● **Provided records**:
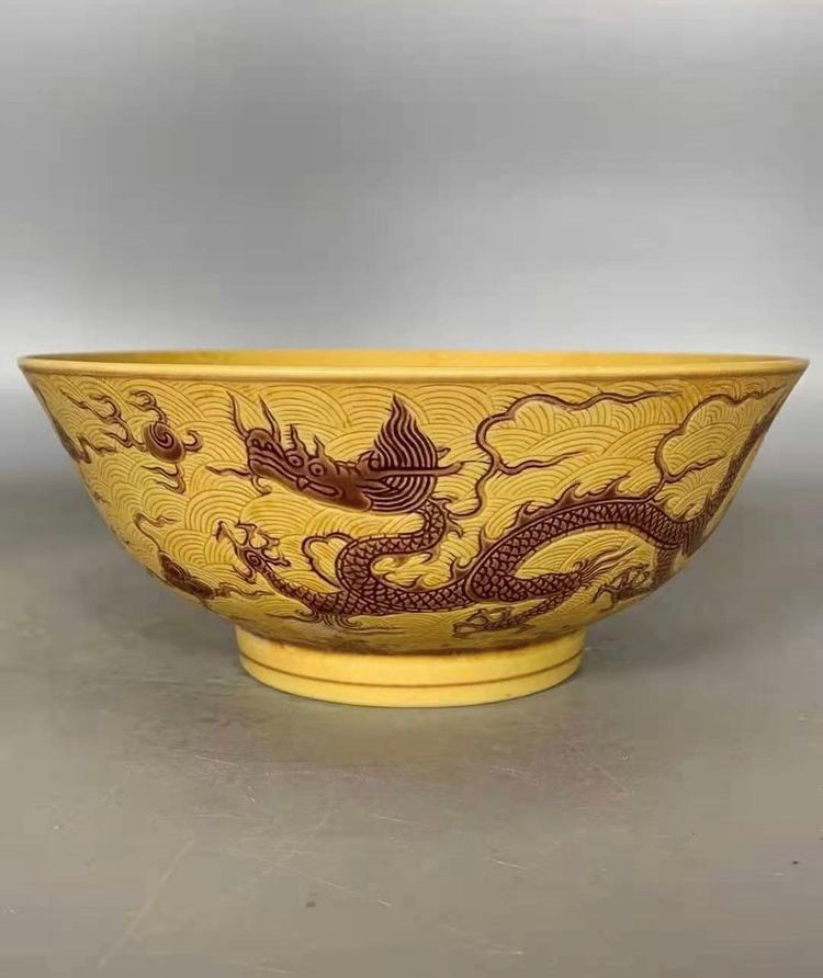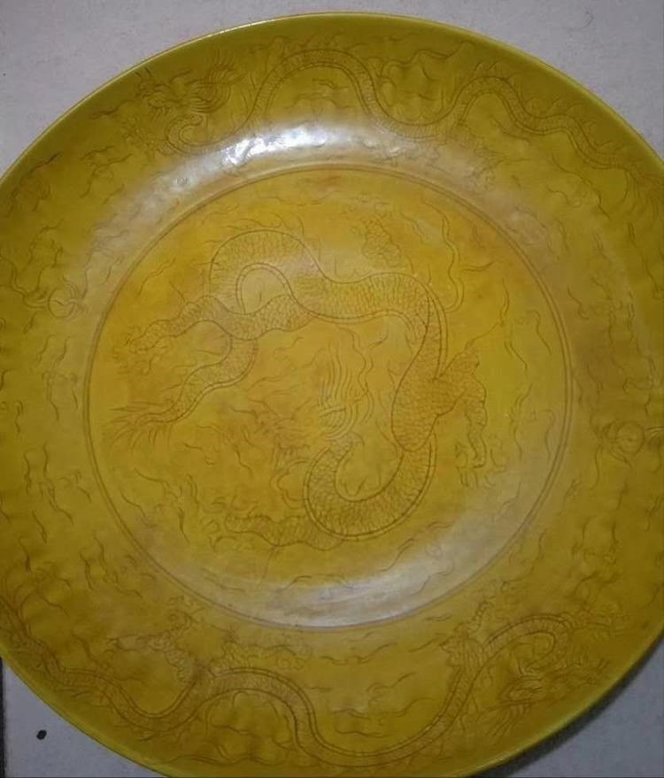 明*弘治娇黄暗刻龙大盆(官窑)〇48Cm(价值2600万)
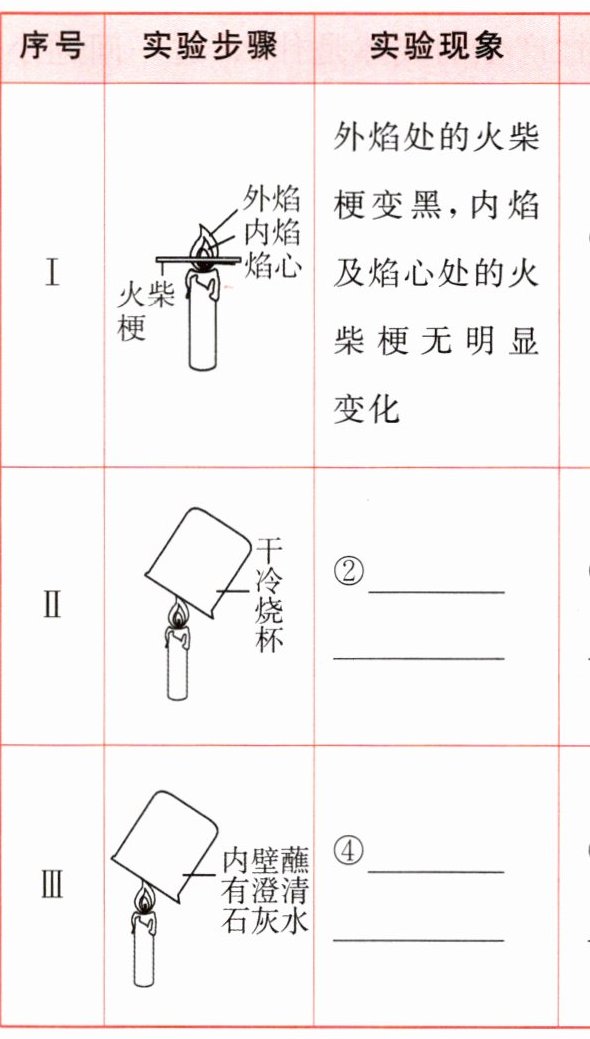 ①外焰温度最高 ②干冷的烧杯内壁有水雾生成 ③蜡烛燃烧生成水 ④澄清石灰水变浑浊 ⑤蜡烛燃烧生成二氧化碳
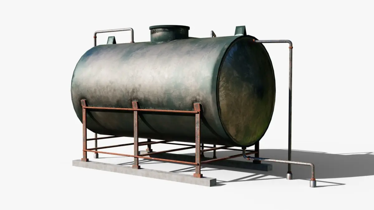 A realistic rooftop water tank with high-quality 4k resolution textures with weathering and rust finishes.
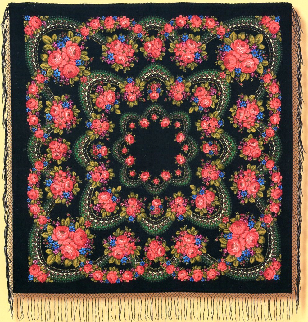Будет называться "Цветочная сказка". Раньше выпускался без названия. Фото с видеокамеры, качество плохое, но Мила говорит, что очень красивый. Классические павловопосадские розы во всей красе. 146х146.
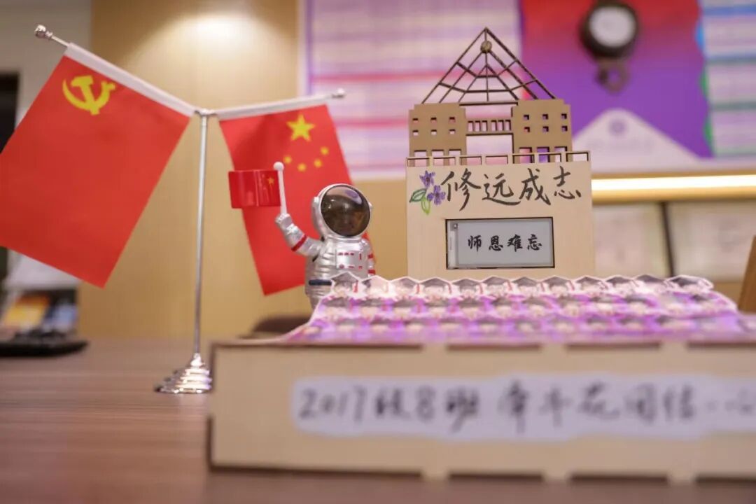 这份礼物格外珍贵,我特别想分享里面的几个数字,他们准备这份礼物,一共用了100多个小时。他们设计、绘图、制作、调试的每个细节,都带着清华附小深深的烙印。这个模型的背景是修远楼,你们从那里毕业;墨水电子屏上滚动的图片、文字涵盖了我们今年的年度主题“致敬中国航天人”;还有每位同学自己绘上去的画像。这个模型总计有近万行代码,用上千度的激光雕刻而成,这一切最终汇成了屏幕中动态呈现的37888个像素点……这真是了不起的创造!这充分体现了六8班同学的集体智慧,更展现了我们毕业班所有同学们以健康、阳光、乐学的姿态,走向未来的自信与豪情。
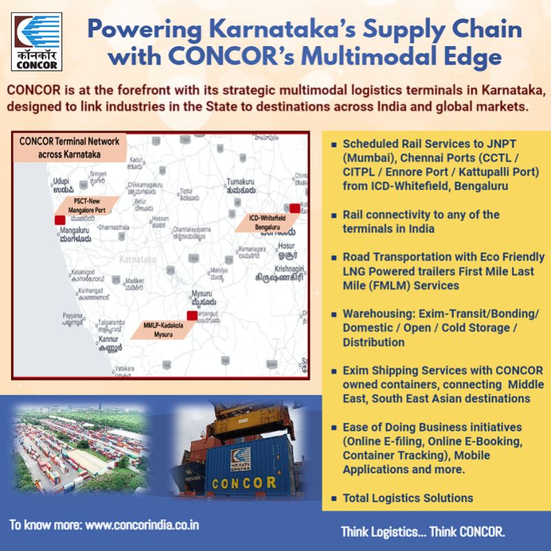 With its multimodal logistics edge, CONCOR remains committed to delivering end-to-end logistics solutions, enabling Karnataka’s businesses to scale globally with greater efficiency and competitiveness
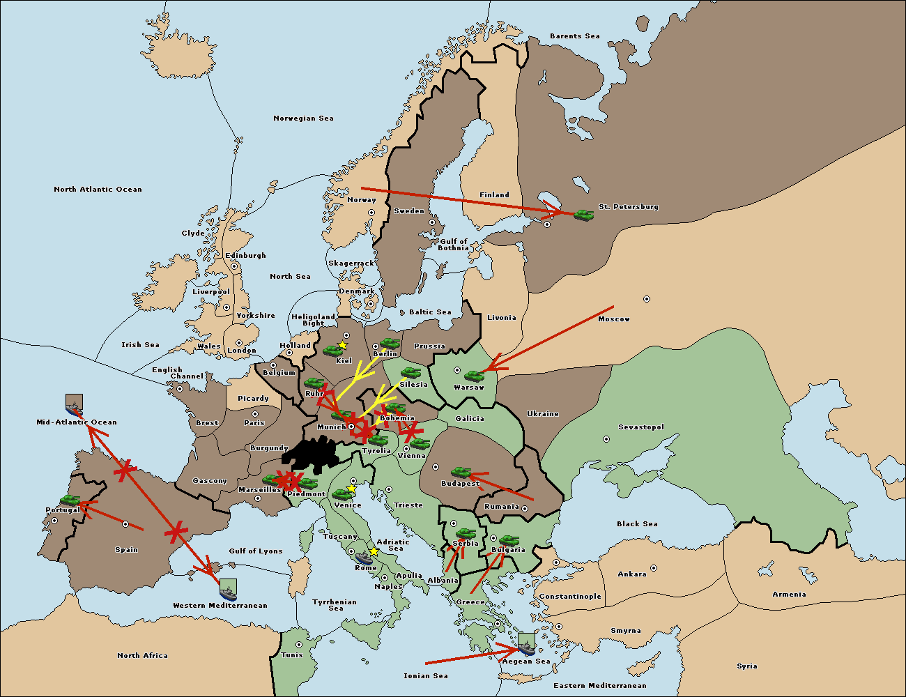 The fleet at Mid-Atlantic Ocean move to Western Mediterranean.
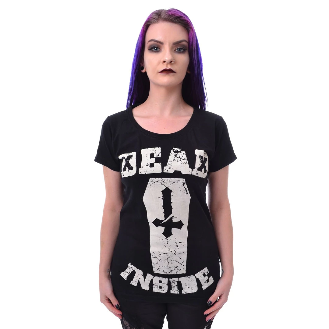 Dead Inside fitted women’s fitted t-shirt featuring a coffin and upside-down cross discharge ink graphic.
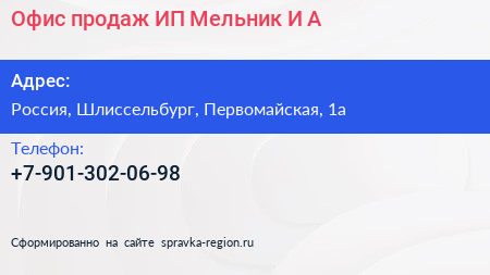 Офис продаж, ИП Мельник И.А. по адресу 1, Первомайская улица, посёлок имени Морозова, Морозовское городское поселение, Всеволожский район, Ленинградская область, Северо-Западный федеральный округ, 188679, Россия в дальнейшем Организация, размещена в следующих категориях:
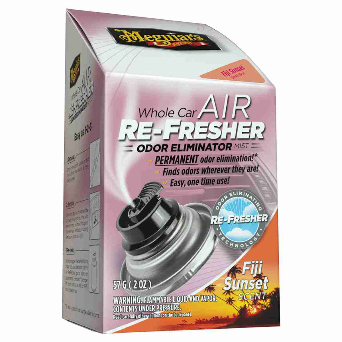 Air freshener with a pleasant new car scent If your car doesn’t smell quite as fresh as it used to Meguiar’s has a great solution that’s permanent, quick and easy. Meguiar’s Whole Car Air Re-Fresher Odor Eliminator Mist New Car Scent penetrates the complete interior of your car, truck or SUV eliminating unwanted odors permanently*. This one-time use air freshener flows through the ventilation system, across the headliner and in-between all other hard to reach areas, eliminating odors and leaving
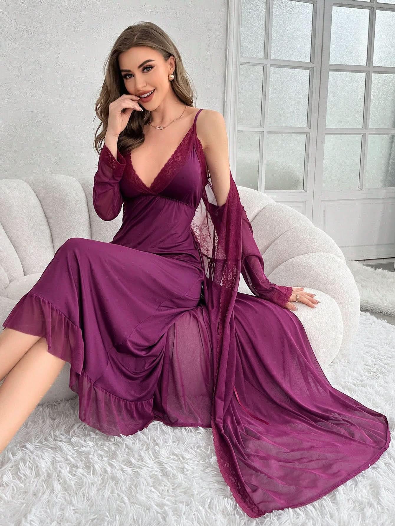 Lace Detail Mesh Robe and Cami Dress Pajama Set Womens Lingerie
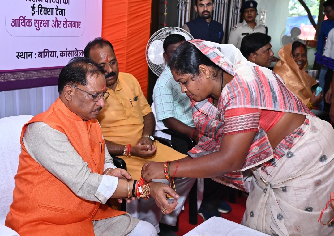 रायपुर 09 अगस्त 2025/मुख्यमंत्री विष्णु देव साय के गृह ग्राम बगिया स्थित कैंप कार्यालय में रक्षाबंधन के अवसर पर विभिन्न योजनाओं से लाभान्वित बहनों ने राखी बांधकर आभार व्यक्त किया। प्रधानमंत्री आवास योजना, महतारी वंदन योजना की हितग्राही दीदियों के साथ आंगनबाड़ी कार्यकर्ता-सहायिकाएँ, मितानिन और स्व-सहायता समूह की बहनों ने भी मुख्यमंत्री श्री साय की कलाई पर राखी बांधी और उनके दीर्घायु की कामना की।

● **Work request**: Return only the part above that opens with the line containing "The fleet at" and closes with the line containing "Dead Inside fitted", exactly and with both ends, skipping the pictures.

● **Exercise result**:
 The fleet at Mid-Atlantic Ocean move to Western Mediterranean.
 Dead Inside fitted women’s fitted t-shirt featuring a coffin and upside-down cross discharge ink graphic.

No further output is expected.